Regular Expression Recursion
Perl 5.10, PCRE 4.0, Ruby 2.0, and all later versions of these three, support regular expression recursion. Perl uses the syntax (?R)
with (?0)
as a synonym. Ruby 2.0 uses \g<0>
. PCRE supports all three as of version 7.7. Earlier versions supported only the Perl syntax (which Perl actually copied from PCRE). Recent versions of Delphi, PHP, and R also support all three, as their regex functions are based on PCRE.
While Ruby 1.9 does not have any syntax for regex recursion, it does support capturing group recursion. So you could recurse the whole regex in Ruby 1.9 if you wrap the whole regex in a capturing group. .NET does not support recursion, but it supports balancing groups that can be used instead of recursion to match balanced constructs.
As we’ll see later, there are differences in how Perl, PCRE, and Ruby deal with backreferences and backtracking during recursion. While they copied each other’s syntax, they did not copy each other’s behavior. But these differences do not come into play in the basic example on this page.
Boost 1.42 copied the syntax from Perl. But its implementation is marred by bugs. Boost 1.60 attempted to fix the behavior of quantifiers on recursion, but it’s still quite different from other flavors and incompatible with previous versions of Boost. Boost 1.64 finally stopped crashing upon infinite recursion. But recursion of the whole regex still attempts only the first alternative.
Simple Recursion
The regexes a(?R)?z
, a(?0)?z
, and a\g<0>?z
all match one or more letters a
followed by exactly the same number of letters z
. Since these regexes are functionally identical, we’ll use the syntax with R for recursion to see how this regex matches the string aaazzz
.
First, a
matches the first a
in the string. Then the regex engine reaches (?R)
. This tells the engine to attempt the whole regex again at the present position in the string. Now, a
matches the second a
in the string. The engine reaches (?R)
again. On the second recursion, a
matches the third a
. On the third recursion, a
fails to match the first z
in the string. This causes (?R)
to fail. But the regex uses a quantifier to make (?R)
optional. So the engine continues with z
which matches the first z
in the string.
Now, the regex engine has reached the end of the regex. But since it’s two levels deep in recursion, it hasn’t found an overall match yet. It only has found a match for (?R)
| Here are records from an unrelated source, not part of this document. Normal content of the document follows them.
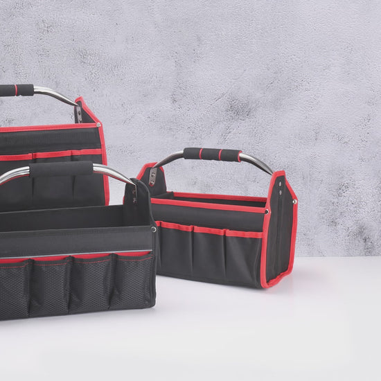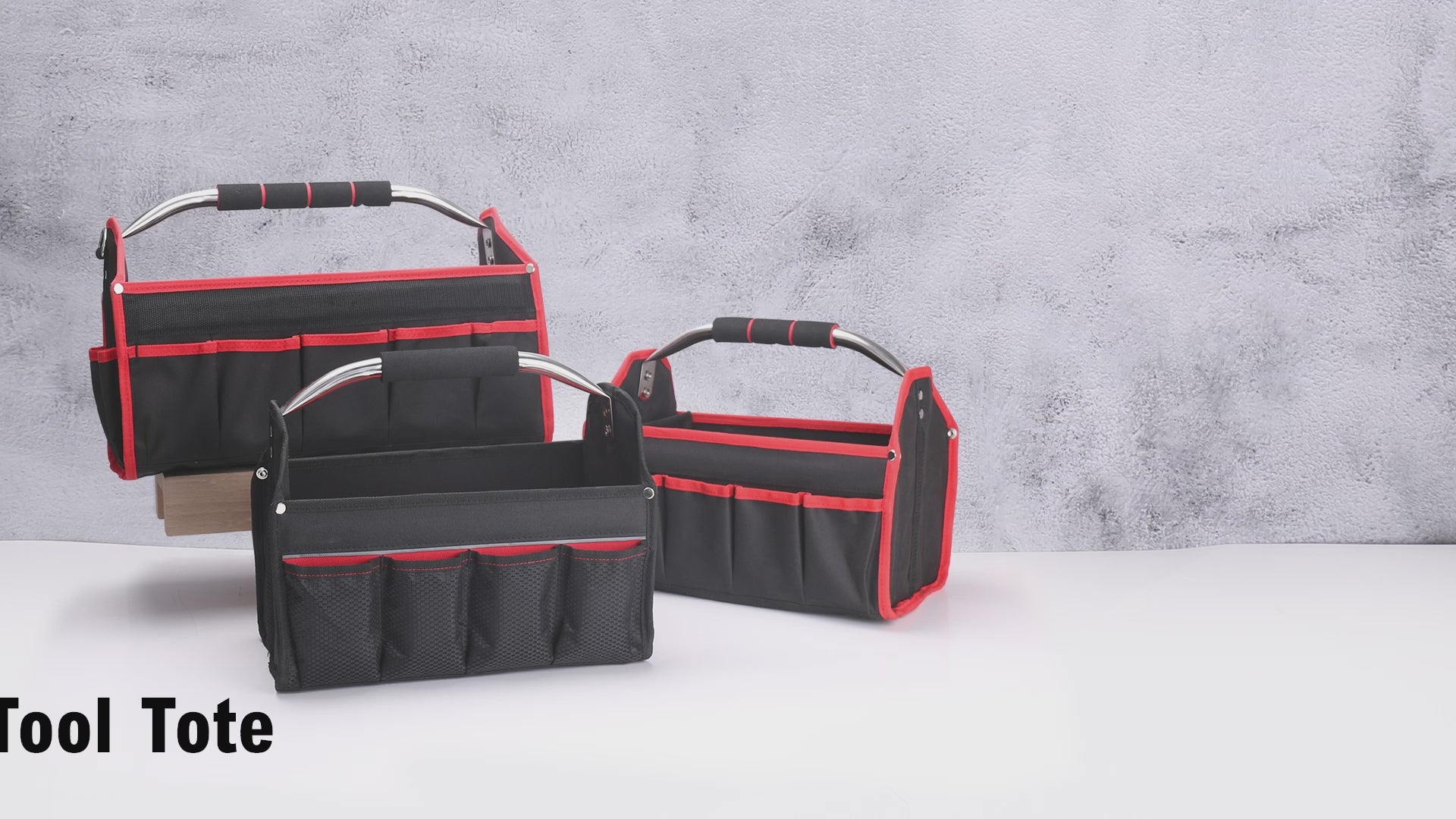 HAUTMEC 16-Inch Open Top Tool Tote Bag 16 Pockets, Foldable Design Tool Carrier With Adjustable Shoulder Strap, TB0002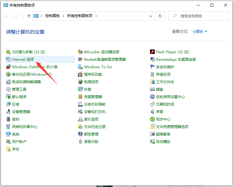 1、打开开始菜单,选择控制面板打开,左键双击:Internet选项。
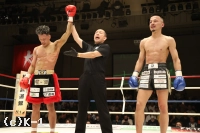 延長R、両者手数を増していく。宮崎は右ミドルを当て、佑典が振るうパンチはかわして空転させる。佑典が左ミドルを放った時に宮崎の蹴りが下腹部に入ってしまい、一時インターバルとなる。再開すると佑典は勢いを戻し、左ストレート、右フックを連打。印象的な攻勢を作るが、宮崎も右ストレートを当てる。判定は3者10-9で佑典。延長で攻勢を作り、接戦で勝利した。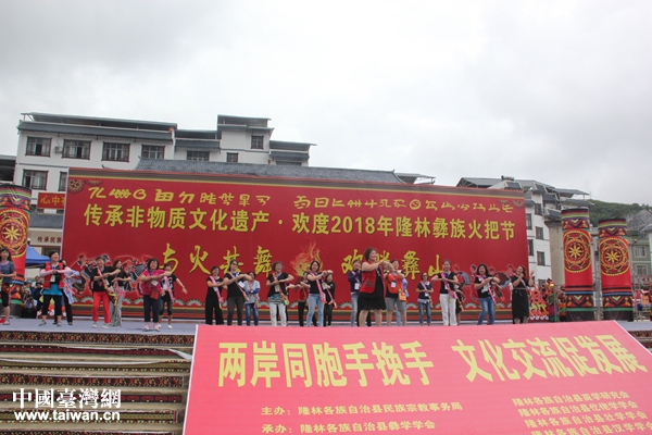 參訪團(tuán)在火把節(jié)上表演。(圖片來源:廣西臺(tái)辦)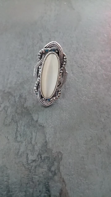nice lovely ring. a little tight...if buying get one size bigger. otherwise beautiful. really like it.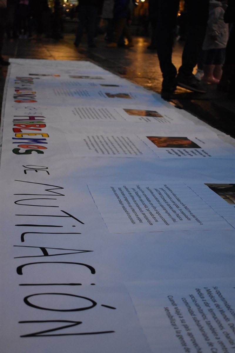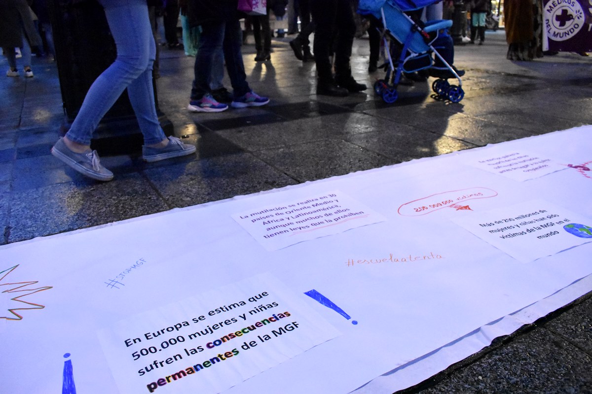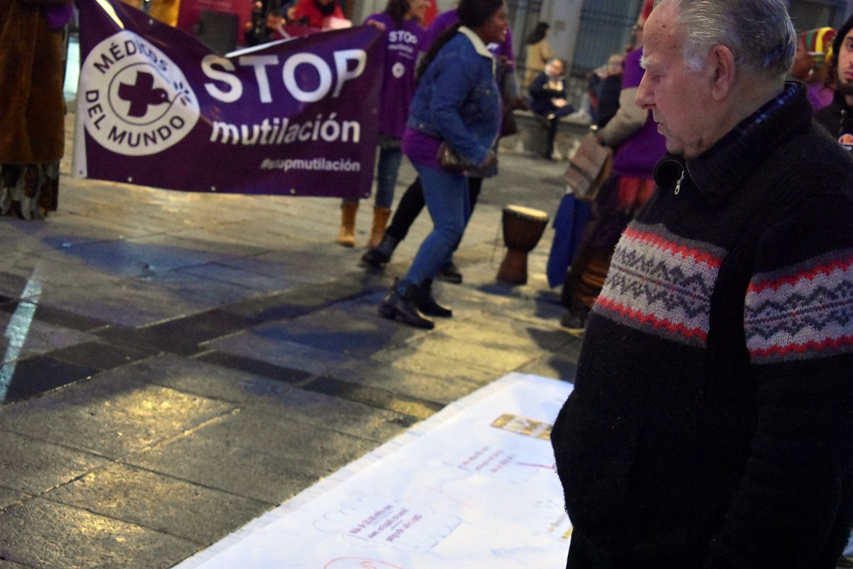 Con la performance de este sábado, enmarcada en el Día Mundial para la erradicación de la Mutilación, Médicos del Mundo quiere que la ciudadanía conozca la envergadura de esta violencia de género.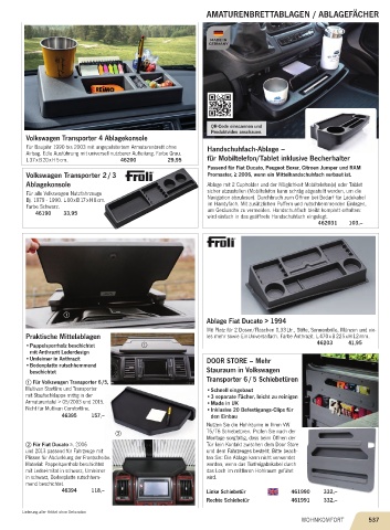 Volkswagen Transporter 2 / 3 Promaster, ≥ 2006, wenn ein Mittelhandschuhfach verbaut ist.

. Exiting the recursion after a successful match, the engine also reaches z
. It now matches the second z
in the string. The engine is still one level deep in recursion, from which it exits with a successful match. Finally, z
matches the third z
in the string. The engine is again at the end of the regex. This time, it’s not inside any recursion. Thus, it returns aaazzz
as the overall regex match.
Matching Balanced Constructs
The main purpose of recursion is to match balanced constructs or nested constructs. The generic regex is b(?:m|(?R))*e
where b
is what begins the construct, m
is what can occur in the middle of the construct, and e
is what can occur at the end of the construct. For correct results, no two of b
, m
, and e
should be able to match the same text. You can use an atomic group instead of the non-capturing group for improved performance: b(?>m|(?R))*e
.
A common real-world use is to match a balanced set of parentheses. \((?>[^()]|(?R))*\)
matches a single pair of parentheses with any text in between, including an unlimited number of parentheses, as long as they are all properly paired. If the subject string contains unbalanced parentheses, then the first regex match is the leftmost pair of balanced parentheses, which may occur after unbalanced opening parentheses. If you want a regex that does not find any matches in a string that contains unbalanced parentheses, then you need to use a subroutine call instead of recursion. If you want to find a sequence of multiple pairs of balanced parentheses as a single match, then you also need a subroutine call.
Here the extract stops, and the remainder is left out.